Along with providing the option to receive prenatal testing, it is important that we as medical professionals educate women on both the medical and psychological aspects of testing. Although I don’t necessarily agree that the mere offering of prenatal testing would create more anxiety than women experience during pregnancy in general, I understand that the choice to undergo testing could be met with anxiety and psychological turmoil. I want to again stress that just because we offer the prenatal testing, it does not mean that a woman should feel pressure to undergo testing. I do understand that each individual is different and will react to situations differently, but this is something that is out of our control. I suggest fully educating women on both medical and psychological aspects of testing in the hopes that this might help women deal with or avoid having to deal with some of the psychological stresses of prenatal testing. Perhaps if women were told about the entirety of the prenatal testing process, some might opt to not have the testing because they realize it might cause them greater anxiety to undergo testing.
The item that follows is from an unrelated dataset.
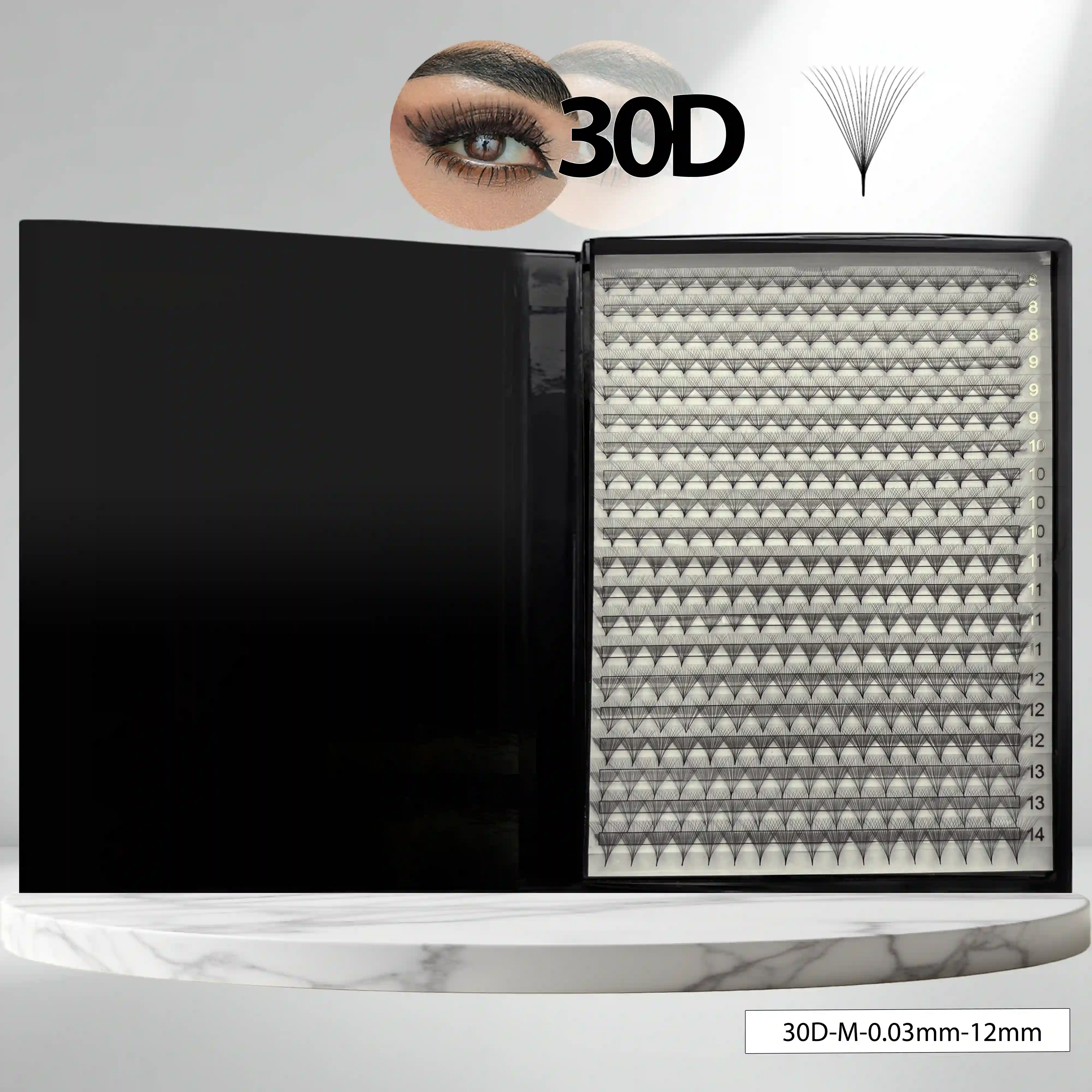 Rzęsy 30D ok.360 szt. M skręt 0,03 mm 12 mm czarne 20 pasków gotowe kępki

I recognize that this is not a sure-fire solution to the issue of addressing anxieties of prenatal testing, but I am not sure there is a guaranteed solution to this matter. Personally, I think these tests provide a way to minimize anxieties of pregnancy by eliminating the unknown and providing answers to women, allowing them to prepare for what is to come. But, I do understand that my beliefs and understanding of prenatal testing are heavily influenced by my medical profession and may prevent me from completely understanding the anxieties people undergo due to prenatal testing and its possibilities.
In regard to the efficacy of prenatal testing, I believe offering and deciding to receive prenatal testing are both ethical decisions. In a study about women and the option to undergo prenatal testing, Reyna Rapp, a feminist anthropologist, described women who received prenatal testing as “moral pioneers.” She viewed these women as individuals who, “submitted to the discipline of a new reproductive technology in order to reap its biomedical benefits,” (Rapp 2004: 307). The decision to use prenatal testing has been given a negative stigma due to the fact that the test results may cause one to be more likely to get an abortion. However, that is not always the case and it should be noted that prenatal tests have the ability to provide women immense medical benefits, without resulting in a negative outcome. The tests allow women to become aware of the situation they are going to face and provide them with more knowledge and time to prepare for the arrival of their child. Although prenatal tests are considered unethical by certain religions, I believe, as a non-denominational hospital, it is important to look at access to prenatal testing on a more individual, secular basis.
To minimize the potential negative outcomes due to such testing, I would recommend implementing steps to prevent women from using the test results to get an abortion. One step could be to provide or recommend counseling services where women could learn about the alternative options they have to abortion, such as adoption. Another step could be to educate women about the conditions or disabilities their child might potentially face, either through genetic counseling or other means. A lot of women choose abortion after receiving their tests results because they are scared and feel as though they unable to take care of a child with disabilities. I think that if we were able to better provide women with more information regarding the disabilities of their future child, it might allow them to feel more prepared for what is to come and lead them to reconsider abortion. I understand this is not a foolproof solution to the negative outcomes that can potentially arise from prenatal testing, but I think these are two ways in which we could help the women facing a difficult decision in a difficult situation, and have an impact on those women who would have previously chosen abortion as a solution.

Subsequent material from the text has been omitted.